The rule I ended up with in the lint, is basically “if you have a connection in scope, you can only .await a function if you’re passing said connection to that function” (either by reference or by moving it.) It works with rust’s knowledge of lifetimes and drop semantics, so that if you call txn.commit() (which moves the connection out of scope, marking the storage as dead) you’re now free to do unrelated async calls after that line of code. It’s not perfect though… if you wrap the connection in a struct and hold that in your scope, the lint can’t see that you’re holding a connection. Luckily we’re not really doing that anywhere: connections are always passed around explicitly. But even if we did, you can also configure the lint with a list of “connection types” that will trigger the lint.

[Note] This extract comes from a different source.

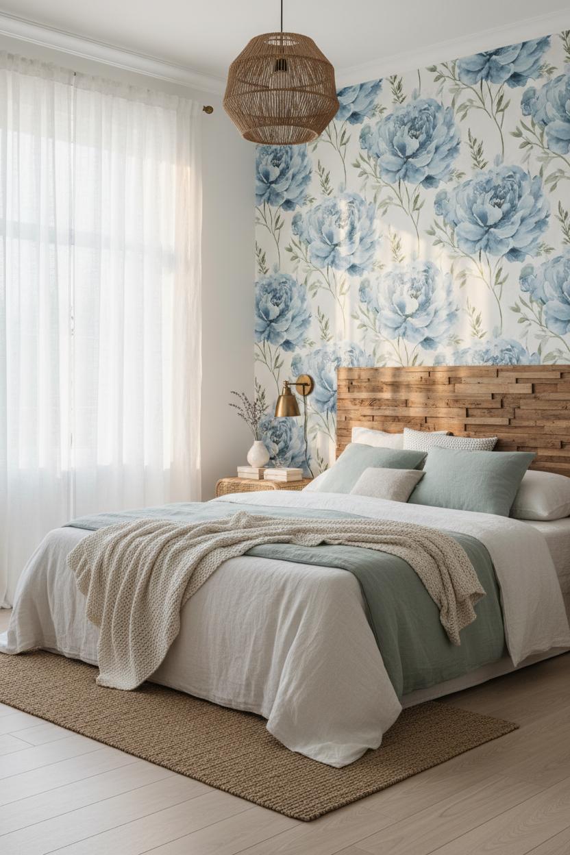 There’s something timeless and softly cinematic about unfurling blue floral wallpaper in a bedroom—think morning light brushing across petals, a whisper of vintage charm, and that serene hush that makes you want to linger a little longer. If you’re craving romance without fuss, try a single accent wall behind the headboard to frame your bed like a piece of art. Powdery blues and watercolor botanicals lean airy and elegant, while deeper indigo blooms feel cocooning and moody for evening wind-downs. To keep it fresh, look for modern wallpaper interpretations of florals—oversized petals, painterly stems, or delicate sketches on a pale ground—so the look nods to nostalgia without drifting into fussy. It pairs beautifully with breezy coastal decor: layered linens, rattan, driftwood accents, and a woven pendant that catches the light. And if you’re doing a weekend home makeover, peel and stick blue wallpaper is a renter-friendly dream; most removable wallpaper goes up easily and comes down clean. A wallpaper smoothing kit is your best friend for bubble-free seams and a polished finish.

It sounds super cool, your idea and implementation for await and transactions. Because of my limited Rust knowledge, it's hard for me to understand how difficult it was to implement such a plugin.
Also, your idea of using different domain specific colors is interesting. It might be possible to express this via some kind of effect system. I'm not aware of any popular Rust libraries for that, but it could be worth borrowing some ideas from Scala libraries.
It’s a compile-time check, and yeah it’s a lint rule. In fact it goes a little deeper than a lint can go, because it uses data from earlier compiler phases (in order to get access to what the borrow checker knows.) The correct terminology is a “rustc driver” from what I’ve heard. Lints like clippy run as a “LateLintPass”, which doesn’t have access to certain mir data that is intentionally deleted in earlier phases to lower the memory requirements.
Hopefully it’s something I can open source soon (I may upstream it to the sqlx project, as that is what we’re using for db connections.)
I would love to see how you implemented that (and also the lint itself). I so far haven't found a solid way to implement custom lints for Rust, so if you have any resources to share at some point, I would love to see them!
Idle transactions have been a huge footgun at $DAYJOB… our code base is full of “connect, start a transaction, do work, if successful, commit.” It means you’re consuming a connection slot for all work, even while you’re not using the database, and not releasing it until you’re done. We had to bump the Postgres connection limits by an order of magnitude, multiple times, and before you know it Postgres takes up more RAM than anything else just to support the number of connections we need.
The problem permeated enough of our (rust) codebase that I had to come up with a compile time check that makes sure you’re not awaiting any async functions while a Postgres connection is in your scope. Using the .await keyword on an async function call, but not passing the pg connection to that function, ends up being a nearly perfect proxy for “doing unrelated work while not releasing a connection”. It worked extremely well, the compiler now just straight up tells us where we’re doing it wrong (in 100+ places in fact.)
Actually getting away from that pattern has been the hard part, but we’re almost rid of every place we’re doing it, and I can now run with a 32-connection pool in load testing instead of a 10,000 connection pool and there’s no real slowdowns. (Not that we’d go that low in production but it’s nice to know we can!)
Just decreasing the timeout for idle transactions would have probably been the backup option, but some of the code that holds long transactions is very rarely hit, and it would have taken a lot of testing to eliminate all of it if we didn’t have the static check.